As an example, biblical leading is more like living in a democracy than in a despotic or communist regime. In the latter two cases, the state plans a person’s life and leads them by a very visible method. The person’s own choices are very restricted.

In contrast, in a democracy a person has freedom to choose within the broad confines of the law to make individual life choices. Despite the uncertainty, they can have faith that there is a generally healthy societal structure to support them.

Further, the personal character that is formed by the culture in a democracy encourages self-determination and responsibility. This process of self- itself matures the individual and their ability to make even better life choices.

A person on the outside sees the results of the culture encouraging self-determination and responsibility but they do not see their individual’s method.

So it is also in seeing the results of faith.

To summarize, God’s leading in scripture is by His word applied in faith and freedom (individual choice). By this method of knowing the Bible, applied in faith and freedom, we learn to make better choices in life. Over time we then develop a pure and fruitful individual character (this is His leading). His leading is only observed by the results of the Spirit maturing us.
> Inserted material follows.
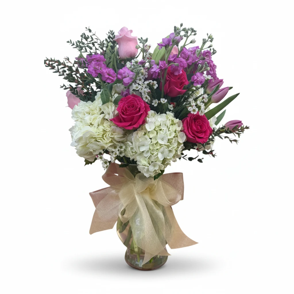 Our floral arrangement features a stunning selection of fresh blooms, delicately handpicked to guarantee vibrancy and elegance. Designed to suit any occasion, the arrangement adds warmth and charm to any space, making it an ideal gift for spontaneous acts of kindness.
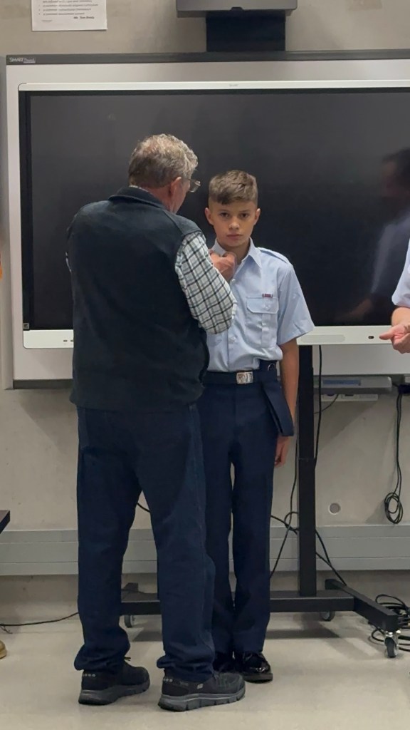 Tuesday was another big night for Ryan: he was promoted again in Civil Air Patrol to Cadet Airman First Class. It was extra special because it coincided with my parents’ visit. Ryan asked if one of them could pin on his new rank, and my Dad won the coin toss. We are all so proud of Ryan!

  • Benefits of freedom in Christ – We have noted in these chapters on the Christian life that we have great freedom as Christians as follows:
    • We can live our lives in faith to serve God as we believe best within broad confines of His commandments in the epistles. All that we do should be by faith (Romans 14:23).
    • We are free to use whatever is available to us in this world filtered through prayer and God’s word (1 Timothy 4:4-5).
    • We should not condemn ourselves for what we choose to do in faith (Romans 14:22).
  • The problem of legalism (Colossians 2:16-23) – Oxford defines legalism in theology as Dependence on moral law rather than on personal religious faith.’ Although extra laws added to scripture such as: do not drink, do not smoke, go to parties etc. that are not in scripture, may sound holy but have several problems.
    • They are superficial in nature and do not produce true righteousness.
    • They teach lies about God regarding the things over which He really is concerned.
    • They limit faith because a person is following a set of rules.
    • They limit joy as we do not produce the fruit of the Spirit in our life through faith.
    • They produce an overconfident self-righteousness, which is false.
    • For those outside the body of Christ, they often recognize the hypocritical nature of the legalism because such Christians may not demonstrate true love or purity. Further, instead of enhancing the gospel to those outside it may the extra rules may make Christianity seem unappealing and restrictive.
  • Interaction between legalism and freedom (Romans 14; 1 Corinthians 8, 10) – Romans 14:1-6). They do this typically because they are not yet mature believers and do not yet understand the full measure of freedom available in the scriptures (Romans 14:1-6).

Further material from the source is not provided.